Below are eight instances of in accordance with that I culled at random from the great compost heap that is the SEC’s EDGAR system. Readers, what do you think of replacing in accordance with with under in each of these examples? Does it work in all? Some? None? I’ll wade in after you’ve had your say. Bear in mind two things noted by Wright in his comment: These examples could do with being given a good scrubbing, but that’s not the point of this exercise. And saying which you prefer won’t advance the cause much unless you’re able to explain why.

  1. “Alternative Currency” means each of Sterling, Canadian Dollars, Euro, Australian Dollars and each other currency (other than Dollars) that is approved in accordance with Section 1.06.

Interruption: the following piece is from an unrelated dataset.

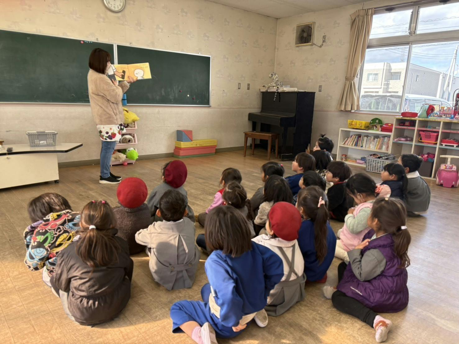 先生が絵本『ふがしやのコトン』を読み聞かせしてくださり、子どもたちは静かに耳を傾けながらお話に夢中になっていました。
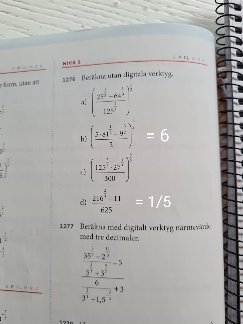 Hej, i facit står lösningen till fråga b) 6 och d) 1/5

  2. … as may be determined by the Administrative Agent or the L/C Issuer, as the case may be, to be necessary for timely settlement on the relevant date in accordance with normal banking procedures in the place of payment.
  3. … the capitalized amount thereof that would appear as indebtedness on a balance sheet of such Person prepared as of such date in accordance with GAAP.

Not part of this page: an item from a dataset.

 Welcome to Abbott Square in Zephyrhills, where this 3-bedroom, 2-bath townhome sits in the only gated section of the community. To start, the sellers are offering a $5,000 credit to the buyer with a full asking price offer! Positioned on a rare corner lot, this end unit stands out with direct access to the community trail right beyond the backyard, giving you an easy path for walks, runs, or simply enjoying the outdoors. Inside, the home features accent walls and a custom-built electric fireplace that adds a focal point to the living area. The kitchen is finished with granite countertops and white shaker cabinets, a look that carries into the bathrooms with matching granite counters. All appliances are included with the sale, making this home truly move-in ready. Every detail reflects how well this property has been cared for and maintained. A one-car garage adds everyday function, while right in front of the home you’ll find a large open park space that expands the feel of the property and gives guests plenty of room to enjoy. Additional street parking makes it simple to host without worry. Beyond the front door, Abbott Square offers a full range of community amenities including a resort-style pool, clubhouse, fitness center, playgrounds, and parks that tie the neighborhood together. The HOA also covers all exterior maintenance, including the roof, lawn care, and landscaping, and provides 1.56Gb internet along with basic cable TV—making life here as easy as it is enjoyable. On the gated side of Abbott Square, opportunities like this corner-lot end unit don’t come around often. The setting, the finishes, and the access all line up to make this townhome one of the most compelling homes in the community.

  4. “Bid Solicitation Agent” means the Company or the Person appointed by the Company to solicit bids for the Trading Price of the Notes in accordance with Section 14.01(b)(i).
  5. At any time and from time to time after the execution and delivery of this Indenture, the Company may deliver Notes executed by the Company to the Trustee for authentication, together with a Company Order for the authentication and delivery of such Notes, and the Trustee in accordance with such Company Order shall authenticate and deliver such Notes, without any further action by the Company hereunder.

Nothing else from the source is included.